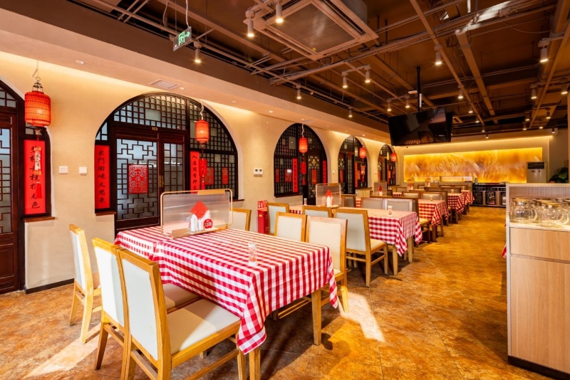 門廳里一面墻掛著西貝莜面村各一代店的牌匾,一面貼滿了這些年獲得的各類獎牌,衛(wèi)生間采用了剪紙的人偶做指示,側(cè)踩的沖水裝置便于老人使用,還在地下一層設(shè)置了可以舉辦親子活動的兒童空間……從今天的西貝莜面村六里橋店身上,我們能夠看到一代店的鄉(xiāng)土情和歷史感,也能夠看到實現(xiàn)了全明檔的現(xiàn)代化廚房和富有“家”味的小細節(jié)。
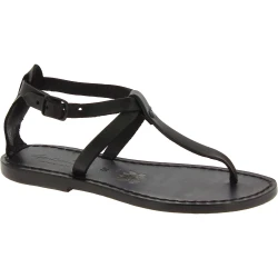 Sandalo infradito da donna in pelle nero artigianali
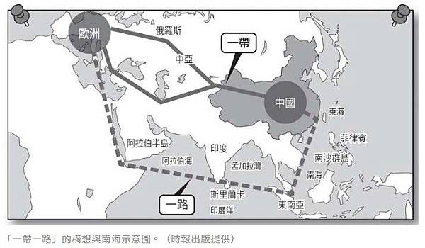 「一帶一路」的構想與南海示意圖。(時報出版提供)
* * * * * * *
■ **Task prompt**
Every line of the data is to be transcribed exactly, and no picture is to be included.

■ **Result**
 門廳里一面墻掛著西貝莜面村各一代店的牌匾,一面貼滿了這些年獲得的各類獎牌,衛(wèi)生間采用了剪紙的人偶做指示,側(cè)踩的沖水裝置便于老人使用,還在地下一層設(shè)置了可以舉辦親子活動的兒童空間……從今天的西貝莜面村六里橋店身上,我們能夠看到一代店的鄉(xiāng)土情和歷史感,也能夠看到實現(xiàn)了全明檔的現(xiàn)代化廚房和富有“家”味的小細節(jié)。
 Sandalo infradito da donna in pelle nero artigianali
 「一帶一路」的構想與南海示意圖。(時報出版提供)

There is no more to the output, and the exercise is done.